## TASK BRIEF
Drop the pictures and extract exactly the lines from the one that contains "Coffee Before Talkie" through the end of the material.

## PROVIDED RECORDS
================

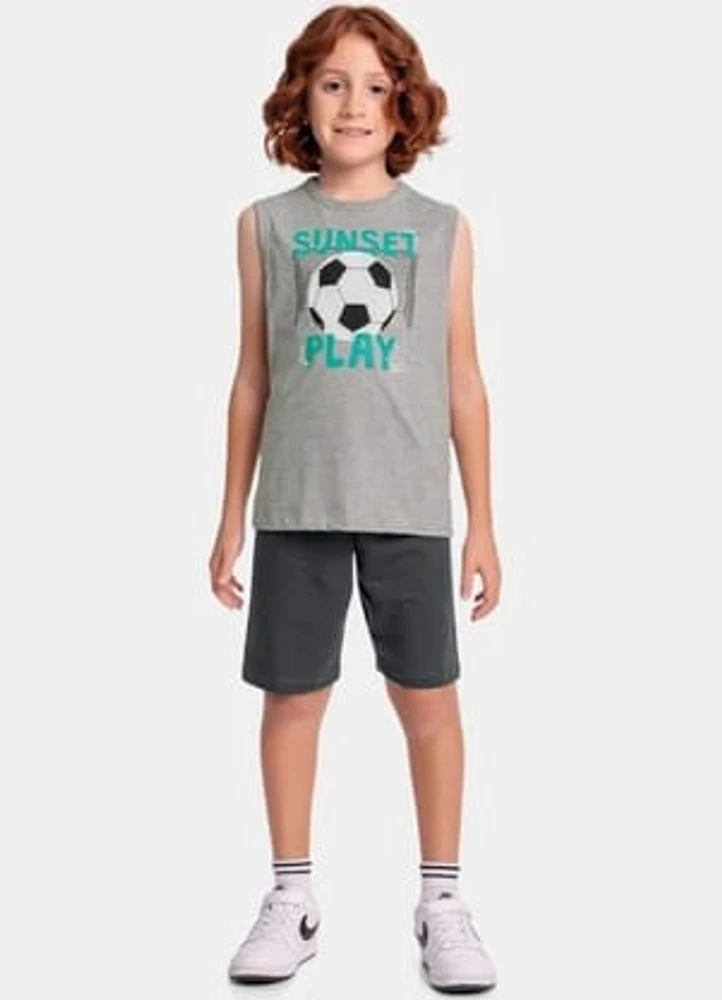 Pensado para o dia a dia ativo das crianças, este conjunto Fakini une praticidade e design moderno. A regata, confeccionada em tecido leve e respirável, garante frescor mesmo nos momentos de maior movimento, enquanto o shorts proporciona liberdade total de movimento, ideal para brincadeiras ao ar livre.
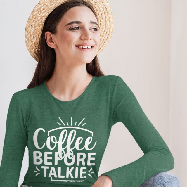 Coffee Before Talkie Long Sleeve T-Shirt – Coffee Sayings T-Shirt – Themed Long Sleeve Tee Shirt
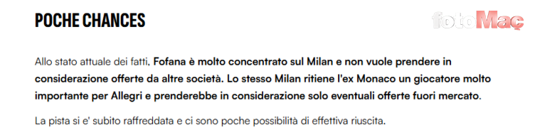 Haberin detayında ise Fofana’nın tamamen AC Milan’a odaklanmak istediği ve herhangi bir transfer ihtimalini hem oyuncunun hem de kulübün açıkça reddettiği aktarıldı.
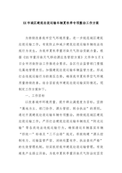 / 【七哥公文】2024年:XX市城区建筑垃圾运输车辆夏秋季专项整治工作方案+更多免费公文+VX:QiGeGongWen2024
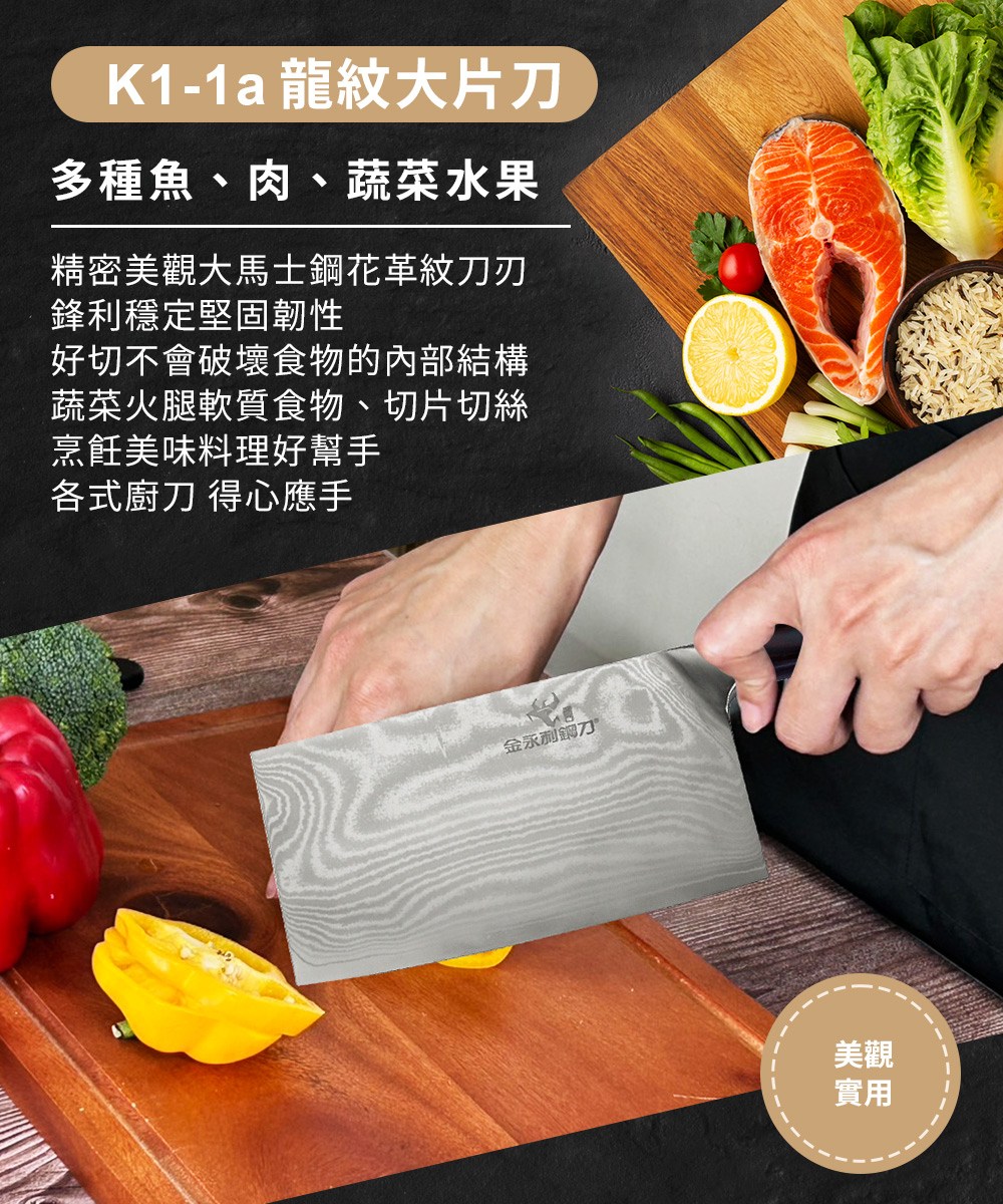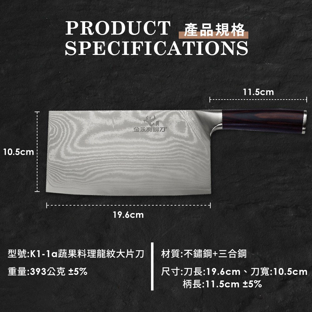【金永利鋼刀】龍紋系列蔬果料理大片刀(K1-1a)

================

## FINISHED EXERCISE
 Coffee Before Talkie Long Sleeve T-Shirt – Coffee Sayings T-Shirt – Themed Long Sleeve Tee Shirt
 Haberin detayında ise Fofana’nın tamamen AC Milan’a odaklanmak istediği ve herhangi bir transfer ihtimalini hem oyuncunun hem de kulübün açıkça reddettiği aktarıldı.
 / 【七哥公文】2024年:XX市城区建筑垃圾运输车辆夏秋季专项整治工作方案+更多免费公文+VX:QiGeGongWen2024
【金永利鋼刀】龍紋系列蔬果料理大片刀(K1-1a)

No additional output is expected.